Eine durchaus gelungene Namensgebung also.

Wenn man schon Ganslmeier heißt, so kann man diesen Namen natürlich nicht durch einen „einfachen" deutschen Vornamen wie z.B. Katharina, Marianne oder Erika aufpeppen, da muß schon etwas Exotischeres her.  So wie Arabella, Nicole oder Jasmin z.B.

Offensichtlich hatte ich Frl. Ganslmeier gerade bei einer sehr wichtigen Tätigkeit gestört? Jedenfalls lag die Nagelfeile und der geöffnete Nagellack noch auf ihrem Schreibtisch und der Geruch von „Moments" in Verbindung mit Zigarrettenrauch und frischem Nagellack lag in der Luft.

Ich erklärte ihr, daß ich wegen eines defekten Nibbelgerätes, bzw. nicht lieferbaren Ersatzteilen gerne den Geschäftsführer gesprochen hätte.

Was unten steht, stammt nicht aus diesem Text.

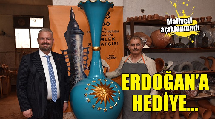 Menemen’de 45 yıldır çömlekçilik yapan Ahmet Taşhomcu'nun 200 kilo çamurdan yaptığı 2 buçuk metrelik vazo Cumhurbaşkanı Recep Tayyip Erdoğan'a hediye edilecek. Vazonun Erdoğan'ın sevdiği turkuaz renkte olduğunu belirten Menemen Belediye Başkanvekili AK Partili Aydın Pehlivan şöyle konuştu: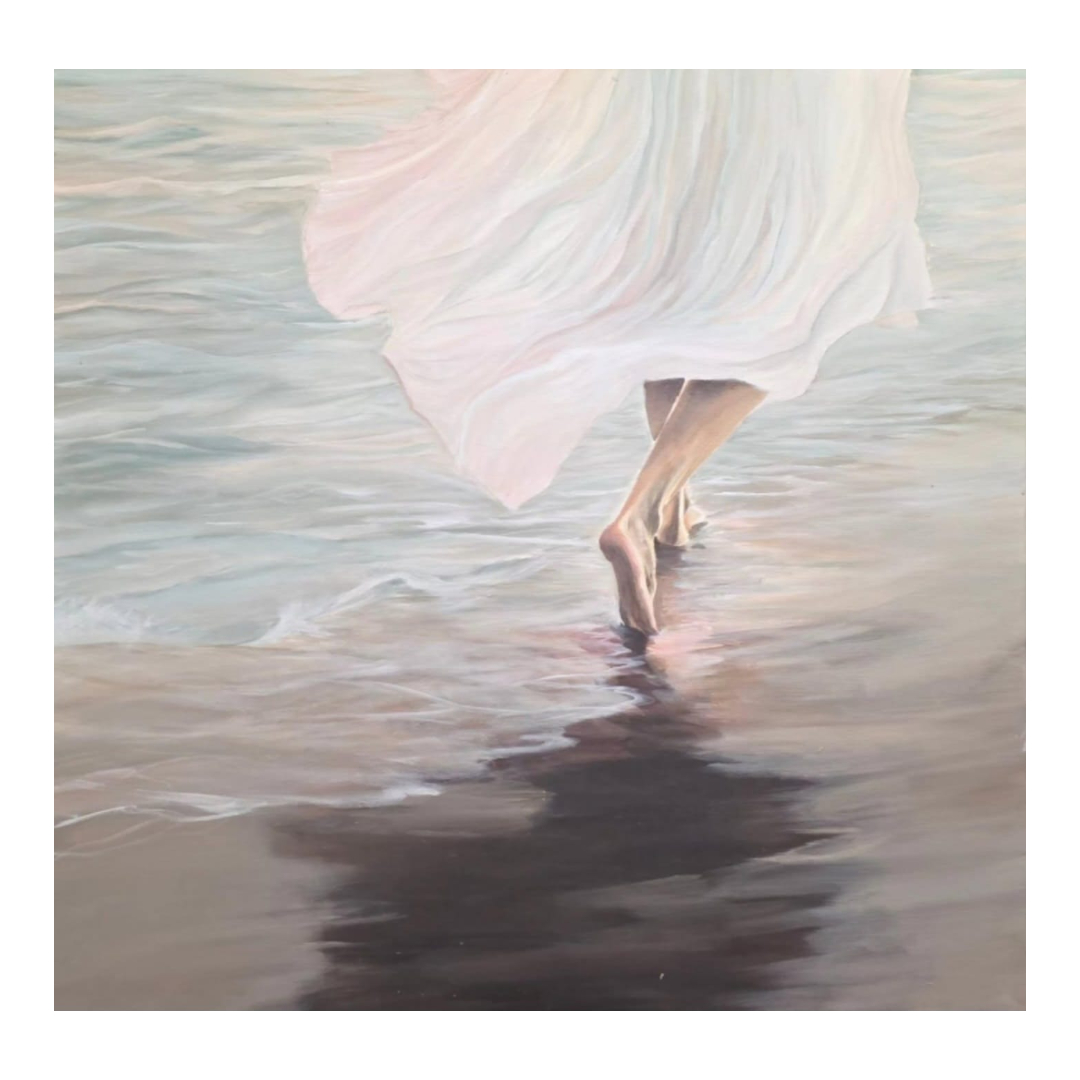 The composition conveys calmness and introspection, with a subtle surface treatment that creates an atmospheric and poetic effect.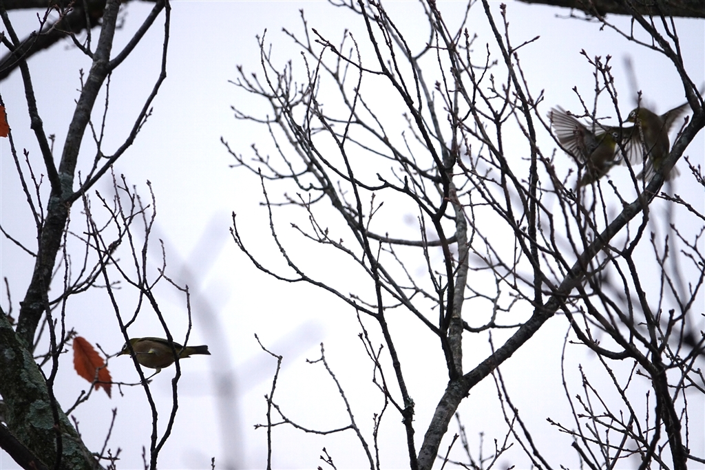 今年の残念な1枚・・・3羽のメジロの巴戦に驚いている間に撃沈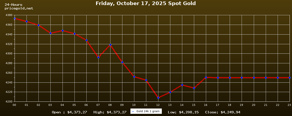 في يوم الجمعة، ١٧ أكتوبر ٢٠٢٥ بلغ سعر الذهب للأوقية (الأونصة) الواحدة $4,249.94. وبلغ سعر الجرام الذهب الواحد $136.64. وقد وصل أعلى سعر للذهب في هذا اليوم $4,373.27، بينما كان أدنى سعر $4,208.15.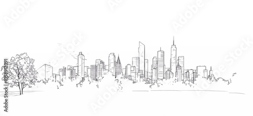 Simple one-line drawing of a city skyline with buildings and trees, white background,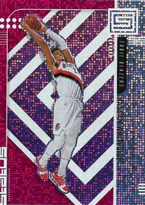 The Hassan Whiteside 2019 Status #31 Red card is 1 of 7 Hassan Whiteside's card variations in the 2019 Status set being tracked by Sports Card Investor, including Base, Blue, White Diamonds /125, Green Escher Squares /49, and Gold Fireworks /10.
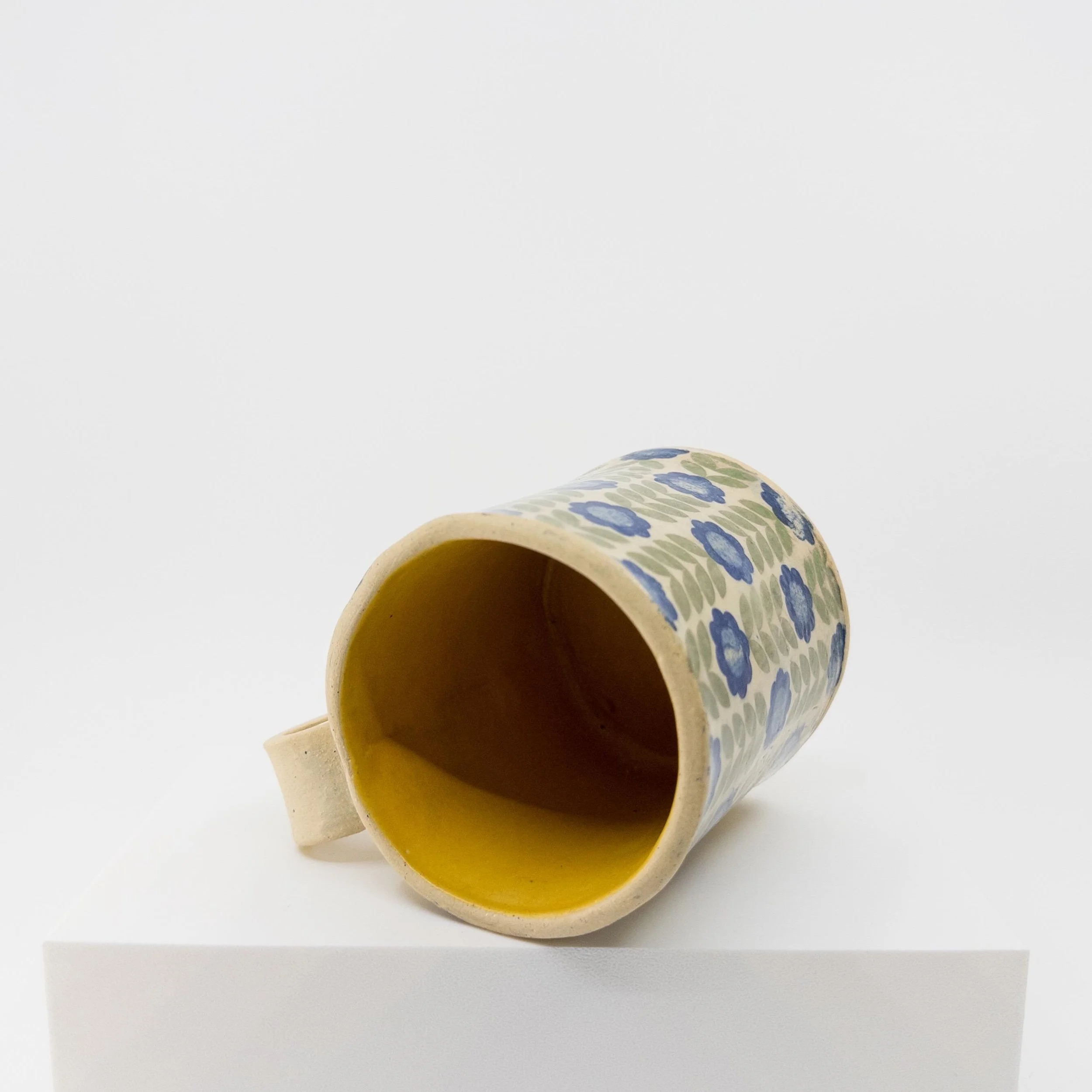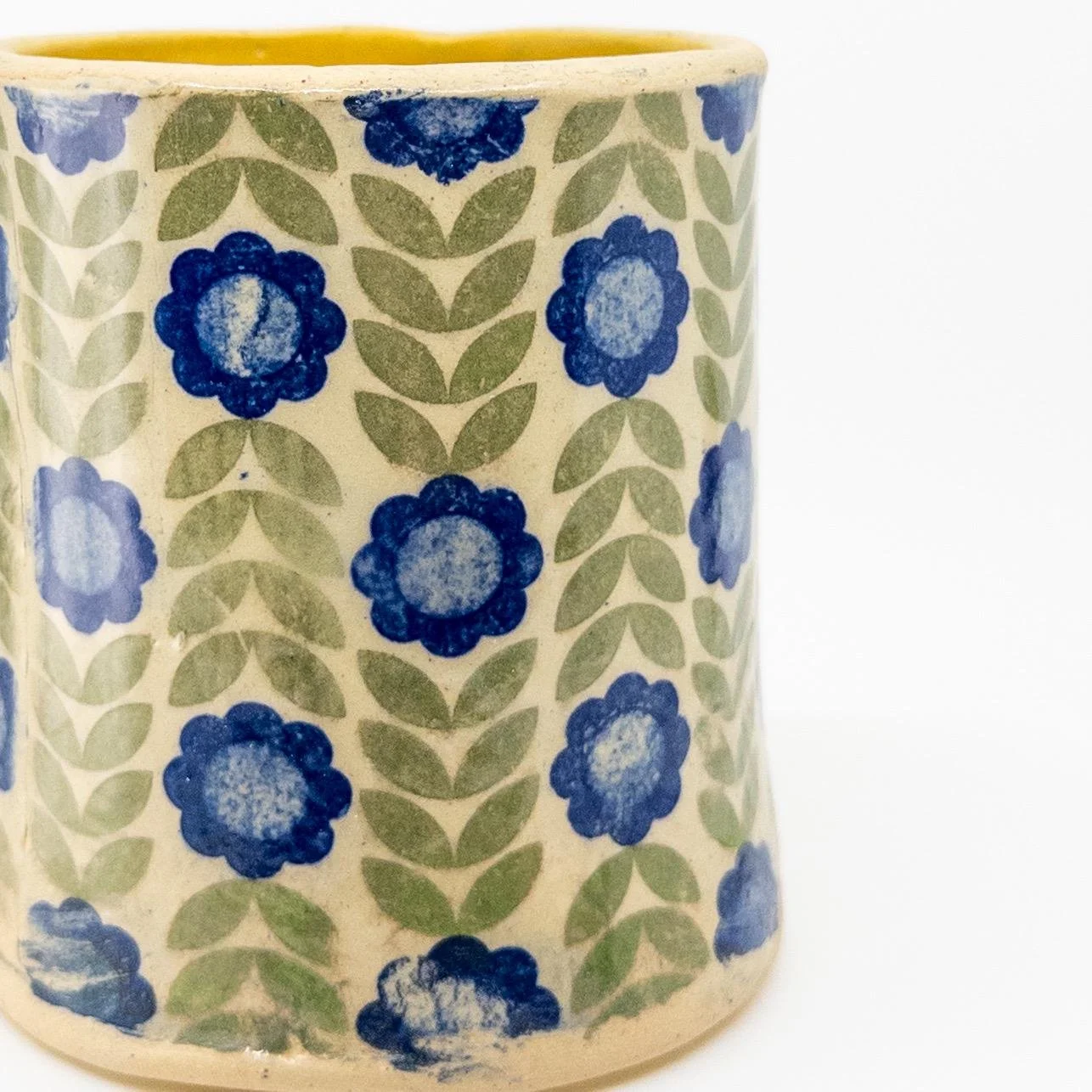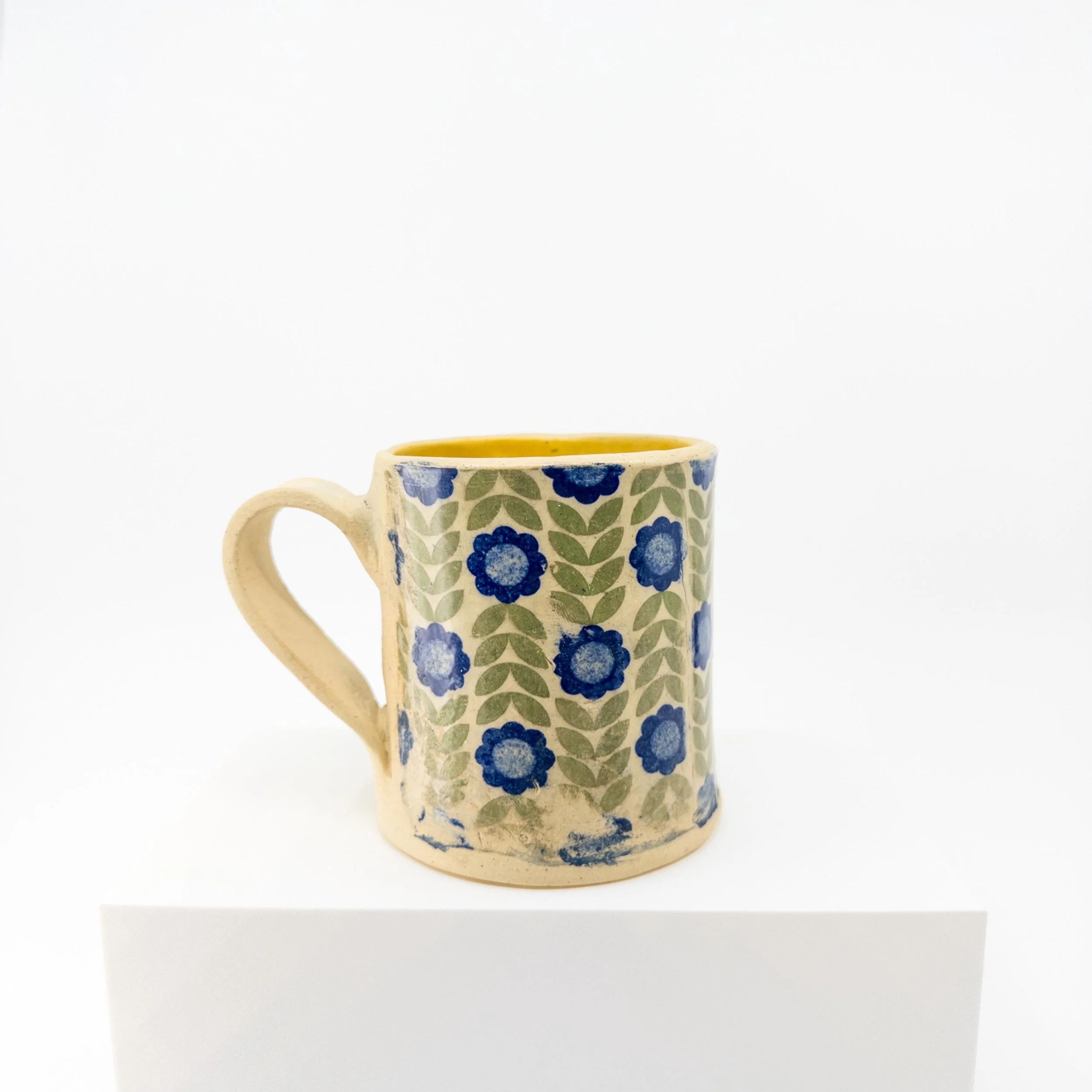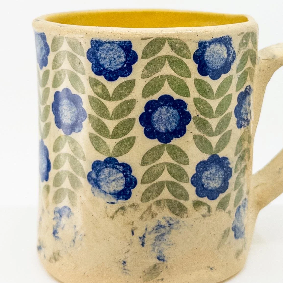 Bright and cheerful, this slab-built stoneware mug brings a touch of Scandinavian whimsy to your daily ritual. Hand-decorated with blue blossoms and green stems, each mug blossoms inside with a warm goldenrod glaze, while the lightly-glazed stoneware exterior offers a rustic, semi-gloss texture you’ll love holding onto. A balance of playfulness and earthiness in one perfectly sized drinking companion.
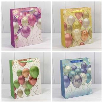 Пакет подарочный с 3D апликацией "Воздушные шары"(микс) 26*32*13 210г 1/20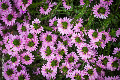 Tło kwiatowe, różowe kwiaty scewoli w ogrodzie.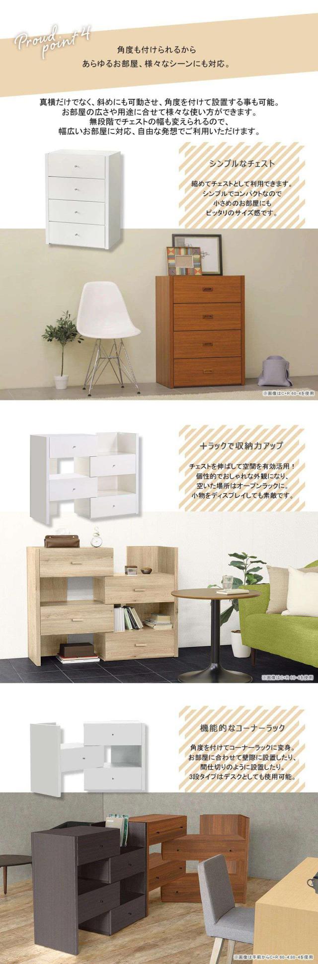 チェスト 4段 完成品 木製 北欧 収納 洋服タンス おしゃれ スリム リビング キャビネット C+R 60-4 ☆

Ihr doofer Blick aus blauen Augen unter der strohblonden Mähne sagte mir, daß sie keinen blassen Schimmer hatte, worum es sich dabei überhaupt handelte.
Sie erklärte mir in sehr freundlichem Ton, daß sich der Geschäftsführer derzeit leider auf einer mehrtägigen Dienstreise befände, aber wenn ich mein Anliegen doch in der Kundendienstabteilung bei Frau Müller im Erdgeschoß vortragen möchte...?
Das wäre eine sehr fachkompetente Person und sie sei schließlich für Ersatzteile und Reklamationen zuständig...
Falls ich jedoch einen Neukauf in Erwägung ziehen sollte, so möchte ich mich doch bitte an Herrn Schuster wenden, auch er sei eine sehr fachkompetente Person und...

Mehr hörte ich nicht mehr, da mein Pulsschlag bereits den Hals zu sprengen drohte.
Meine Augäpfel waren schon weit aus ihren Höhlen getreten und ich fühlte, wie bereits die ersten kleinen Äderchen in meinem Kopf zu zerplatzen drohten.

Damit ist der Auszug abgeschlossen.